Declarative Representation of Uncertainty in Mathematical Models
Citation: Miller AK, Britten RD, Nielsen PMF (
Declarative Representation of Uncertainty in Mathematical Models
Andrew K. Miller 0
Randall D. Britten 0
Poul M. F. Nielsen 0
Filippo Castiglione, National Research Council of Italy (CNR), Italy
0 1 Auckland Bioengineering Institute, University of Auckland , Auckland , New Zealand , 2 Department of Engineering Science, Faculty of Engineering, University of Auckland , Auckland , New Zealand
An important aspect of multi-scale modelling is the ability to represent mathematical models in forms that can be exchanged between modellers and tools. While the development of languages like CellML and SBML have provided standardised declarative exchange formats for mathematical models, independent of the algorithm to be applied to the model, to date these standards have not provided a clear mechanism for describing parameter uncertainty.

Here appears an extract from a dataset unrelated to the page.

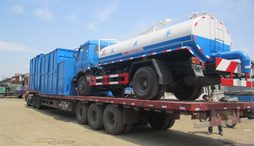 上圖為客戶購買的垃圾箱及吸糞車整車通過半掛來運輸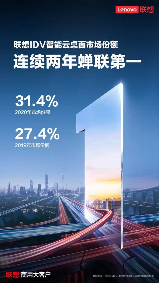 作为超能云终端的代表IDV和TCI是近年来最新兴起的解决方案,根据IDC报告最新数据,联想IDV智能云桌面连续夺得2019和2020市场份额第一名,并且在2020年度市场份额攀升至31.4%。取得该成绩的背后,是联想对行业痛点和应用场景的深入洞察和不断耕耘。面对终端日益增加的海量数据需求和应用需求,联想推出了基于IDV架构,面向行业的智能云桌面解决方案,极大地降低了设备管理维护的难度。

Parameter uncertainty is an inherent feature of many real systems. This uncertainty can result from a number of situations, such as: when measurements include inherent error; when parameters have unknown values and so are replaced by a probability distribution by the modeller; when a model is of an individual from a population, and parameters have unknown values for the individual, but the distribution for the population is known. We present and demonstrate an approach by which uncertainty can be described declaratively in CellML models, by utilising the extension mechanisms provided in CellML. Parameter uncertainty can be described declaratively in terms of either a univariate continuous probability density function or multiple realisations of one variable or several (typically non-independent) variables. We additionally present an extension to SED-ML (the Simulation Experiment Description Markup Language) to describe sampling sensitivity analysis simulation experiments. We demonstrate the usability of the approach by encoding a sample model in the uncertainty markup language, and by developing a software implementation of the uncertainty specification (including the SED-ML extension for sampling sensitivty analyses) in an existing CellML software library, the CellML API implementation. We used the software implementation to run sampling sensitivity analyses over the model to demonstrate that it is possible to run useful simulations on models with uncertainty encoded in this form.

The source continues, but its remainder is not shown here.